Nach Zahlen aus dem Landesschulministerium wurden zum Schuljahr 2021/2022 in 124 NRW-Kommunen vorgezogene Anmeldeverfahren genehmigt. Dabei ging es in 84 Fällen um Gesamtschulen. „Das vorgezogene Anmeldeverfahren hat sich in der Vergangenheit bewährt und ist für die Schulträger ein wichtiges Instrument zur Entzerrung der Schülerströme“, hieß es aus dem Ministerium. Das eigentliche Problem sei der Mangel an Plätzen an den bevorzugten Schulen.

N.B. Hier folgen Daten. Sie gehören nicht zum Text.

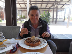 We walk along the water front as not to have to "run the gauntlet" of the bar and restruant owners all toting for your business - not that we are cowards, it is just easier to stay out of the way? A lot of the establishments are closed, a couple offering roast lamb on their menus - some even offer to take your photograph by the roast - no obligation to eat of coarse? We are looking for some lunch but Ann has her favourite place in mind, a waffle cafe. We called in a couple of days ago, tried one between us, it was beautiful, the owner advised Ann as to which flavour ice scream she should have with her "Nuttela Waffle" next time. This time we have to have one each as I cannot have any of hers - expectations were clearly met!

Auslöser für den Vorstoß der FDP waren massive Probleme bei den Schulanmeldungen in der Stadt Köln. Die Liberalen haben das Ziel, das gegliederte Schulsystem zu sichern und, in eigenen Worten, eine „Ungleichbehandlung“ von Schulformen zu beenden. Das war auch in der vergangenen Legislaturperiode so, als die FDP mit Yvonne Gebauer die Schulministerin stellte. Auch in jenen Jahren bliebt es allerdings beim System der vorgezogenen Anmeldeverfahren. Der Landtag befasst sich am Mittwoch mit dem Antrag der FDP.